2.2 Model architecture

In order to efficiently identify and predict rice enhancers, we propose a new neural network model based on DNABert-2 and explore the fine-tuned performance of the model using differential entropy, as illustrated in Figure 1. This framework comprises three main components: DNABert-2 feature extraction (Zhou et al., 2023), machine learning, and differential entropy computation. When entered into DNABert-2, a DNA sequence generates corresponding feature vectors for both fine-tuned and un-fine-tuned models. Subsequently, these un-fine-tuned feature vectors are inputted into five distinct machine learning algorithms. Each algorithm offers unique advantages in identifying rice enhancers. Results indicate that the SVM algorithm (Hearst et al., 1998; Wang et al., 2024) demonstrates superior performance in classifying rice enhancers. Consequently, we utilize the SVM algorithm to train using the fine-tuned eigenvectors (epoch1-epoch10), thereby obtaining predictions of rice enhancers. Additionally, considering the eigenvector without fine-tuning (epoch0) alongside the 10 epochs of fine-tuning, we estimate differential entropy employing the Kozachenko-Leonenko method (Kozachenko and Leonenko, 1987). This analysis elucidates the impact of fine-tuning through mean and median entropy differences observed in positive and negative samples before and after fine-tuning.

Figure 1

Figure 1. Technology roadmap. The DNA sequence was extracted by DNABert-2, and the unfine-tuned and fine-tuned feature vectors were output, respectively. After the feature sequences without fine-tuning were identified by different algorithms, it was found that the SVM algorithm had the best performance, so the features after SVM training were selected to determine whether the enhancer was not. In addition, in order to explain the effect of fine-tuning on the model, the optimal number of fine-tuning was selected, and the differential entropy of positive and negative samples was calculated and visualized.

2.2.1 Feature extraction

In DNABert-2, the input layer receives DNA sequences processed through BPE tokenization and embeds them into a high-dimensional space.

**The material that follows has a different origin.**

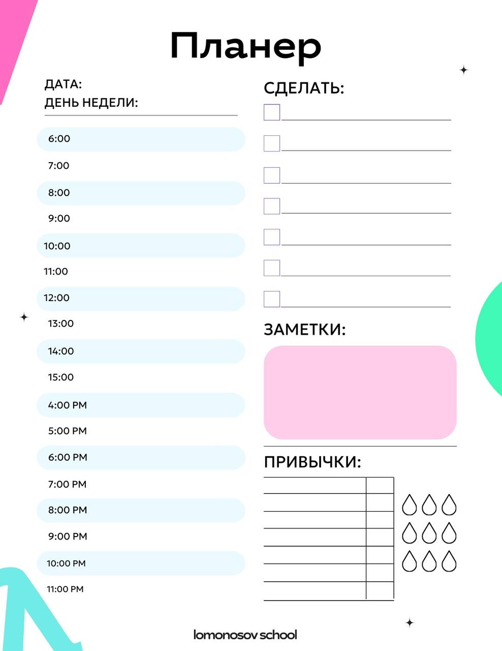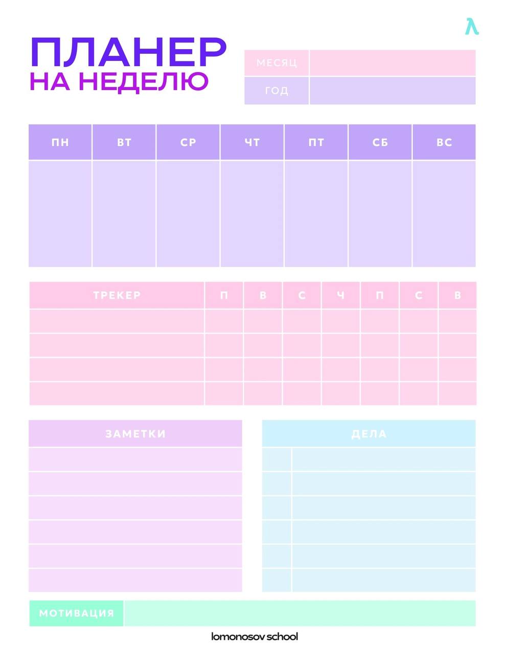 А ещё я подобрал для вас разные полезные планеры от Lomonosov School💜

These embeddings are then passed through 12 Transformer Encoder layers, which serve as the core components responsible for capturing long-distance dependencies and complex patterns within the sequences. Each Transformer Encoder layer incorporates ALiBi (Attention with Linear Biases), a positional encoding mechanism that introduces linearly decaying bias to attention weights based on token distances. This design enables flexible handling of variable-length sequences while maintaining computational efficiency. Additionally, the feedforward layers employ GEGLU (Gated Linear Unit with GELU), which splits the input into two components, applies GELU to one, and multiplies them. This gating mechanism improves nonlinear modeling compared to standard activations (Zhou et al., 2023). In the output layer, a 768-dimensional eigenvector is generated. This un-fine-tuned result from the base architecture is designated as epoch0. If subjected to further fine-tuning and optimization, these eigenvectors can serve as inputs for subsequent tasks. Within this study, the model undergoes a total of 10 training iterations following fine-tuning to yield epochs 1 through 10.

2.2.2 Machine learning

Distinct machine learning algorithms offer various advantages in identifying rice enhancers. We evaluated five common algorithms to preprocess feature vectors derived from Bert: LGBM and XGB, both ensemble methods utilizing gradient boosting, are effective for complex nonlinear relationships, ideal for large datasets, and yield high prediction accuracy (Zou et al., 2023). SVM excels in high-dimensional spaces and small samples by finding an optimal hyperplane for classification (Zhu et al., 2023). LR is efficient and straightforward, suitable for linearly separable data, providing model interpretability. KNN classifies based on nearest-neighbor similarity, making it apt for tasks with limited data volumes. As shown in Figure 2, SVM outperforms other algorithms across ACC, MCC, Sn, Sp, and Sr metrics for both training and test sets. Consequently, we employed SVM to train the fine-tuned feature vectors. To ascertain the optimal fine-tuning stage for rice enhancer recognition, we input feature vectors from 10 epochs into SVM. This process yielded results for recognizing enhancers from epoch1 to epoch10, facilitating our determination of the best model performance.

Figure 2

Figure 2. Comparison of indicators without fine-tuning for different methods: (A) Comparison on the training set, (B) Comparison on the test set.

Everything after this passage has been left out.